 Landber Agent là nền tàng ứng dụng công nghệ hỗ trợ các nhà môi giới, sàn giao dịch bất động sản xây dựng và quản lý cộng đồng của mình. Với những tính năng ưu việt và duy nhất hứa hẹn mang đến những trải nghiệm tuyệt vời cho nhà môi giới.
==
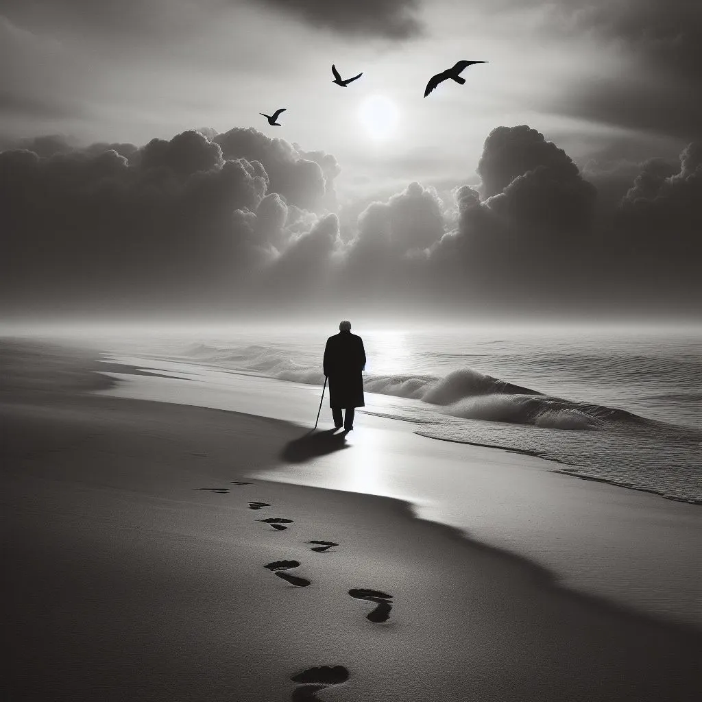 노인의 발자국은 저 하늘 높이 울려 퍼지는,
---
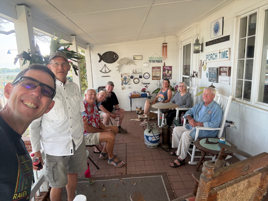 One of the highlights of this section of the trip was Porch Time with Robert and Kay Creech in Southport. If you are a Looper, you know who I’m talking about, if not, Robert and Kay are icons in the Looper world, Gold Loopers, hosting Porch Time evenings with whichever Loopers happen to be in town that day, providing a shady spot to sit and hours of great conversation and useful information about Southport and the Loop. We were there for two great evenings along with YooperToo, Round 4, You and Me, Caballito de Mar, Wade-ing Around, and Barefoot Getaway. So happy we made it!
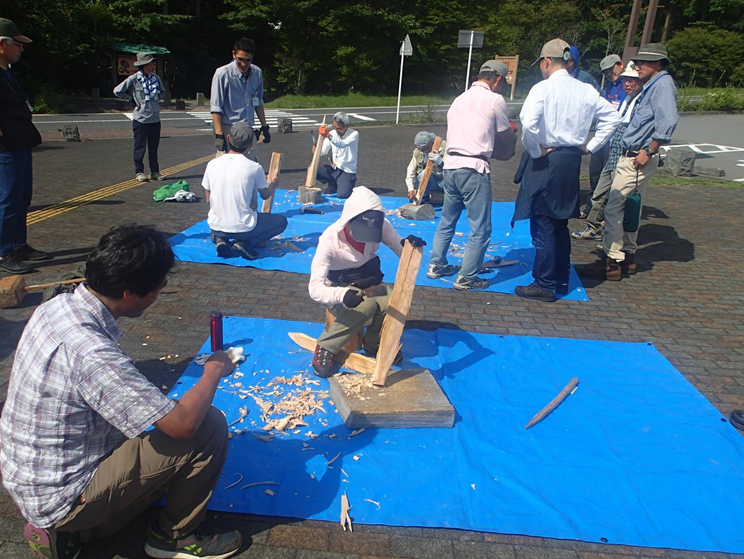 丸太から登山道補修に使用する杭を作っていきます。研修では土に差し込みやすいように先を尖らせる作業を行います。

> EXERCISE BRIEF
Copy exactly, without pictures, the lines above from the one with "One of the highlights" down to the one with "丸太から登山道補修に使用する", inclusive.

> SOLUTION TO THE PROBLEM
 One of the highlights of this section of the trip was Porch Time with Robert and Kay Creech in Southport. If you are a Looper, you know who I’m talking about, if not, Robert and Kay are icons in the Looper world, Gold Loopers, hosting Porch Time evenings with whichever Loopers happen to be in town that day, providing a shady spot to sit and hours of great conversation and useful information about Southport and the Loop. We were there for two great evenings along with YooperToo, Round 4, You and Me, Caballito de Mar, Wade-ing Around, and Barefoot Getaway. So happy we made it!
 丸太から登山道補修に使用する杭を作っていきます。研修では土に差し込みやすいように先を尖らせる作業を行います。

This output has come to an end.